Мишин бросил вещи на землю, и Иванов начал копошиться в них. Увидев попутно Нартова, Глеб махнул ему рукой, приглашая подойти. Олег подошел. В этот момент Глеб рассматривал американский штык-нож М-9. Мишин покачал головой:
– Товарищ капитан, я хотел этот нож своему сержанту подарить. Он заработал.
– Ладно, – Глеб бросил нож в кучу, и вытащил оттуда разгрузочный жилет китайского производства. В отличие от подавляющего большинства китайских вещей славящихся низким качеством, этот жилет был сработан на совесть. Из кармана торчало горлышко бутылки. – А это?
– Это просил радист, – отозвался Володя.
– Обойдется радист, – Иванов свернул жилет, и вдруг сунул его в руки Олега: – На, носи на здоровье…
Олег машинально взял жилет, и спросил капитана:
– Может радисту отдать? Ведь ему нужнее…
Володя при этих словах жалостливо посмотрел на своего ротного, но капитан был неумолим:
– Обойдется!
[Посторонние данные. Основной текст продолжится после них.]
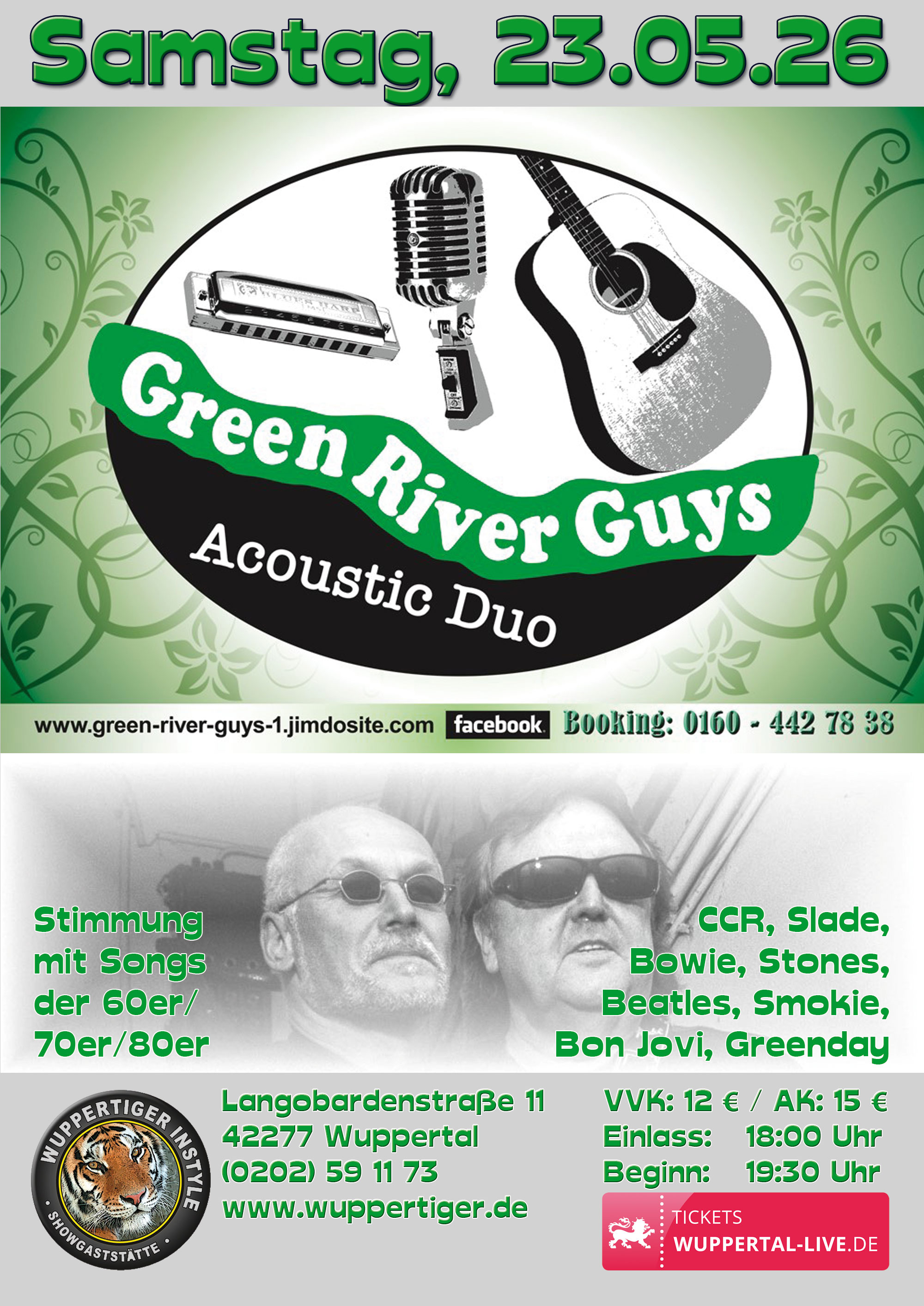 Die Green River Guys präsentieren Stimmung mit den Songs der 60er, 70er und 80er. Sie spielen Titel von CCR, Slade, Bowie, Stones, Beatles, Smokie, Bon Jovi, Greenday u.v.m.

Как, кстати, он смог так быстро посадить аккумуляторы на радиостанции?
– Не знаю, – буркнул Мишин, понимая, что пререкаться сейчас было себе дороже. Капитан вспомнил про батареи только для того, чтобы поставить ретивого группника[1] на свое место.
– Остальное забирай, – махнул Глеб рукой и Мишин, пока командир не передумал, сгреб вещи в кучу и убежал к своим бойцам.
Иванов посмотрел на Олега:
– Ну и чего ты скис? Опять срочников жалко? Запомни: солдат жалеть нельзя. Их беречь надо. Это еще Суворов сказал…
– А сейчас от чего вы их уберегли?
– От зазнайства. Раз побывали в бою, а уже им трофеи подавай! Рано! Пусть вкусят войну чуть больше. Пусть осознают что это…
– А мне тогда разгрузка за что?
– Привыкай к ней. Удобная.
– Ну, мне же в бой не ходить!
– Это как сказать… – Глеб хлопнул Олега по спине, и в этот момент Олег прочитал в его глазах опять ту необъяснимую грусть. Снова ему показалось, что капитан жалеет своего собеседника.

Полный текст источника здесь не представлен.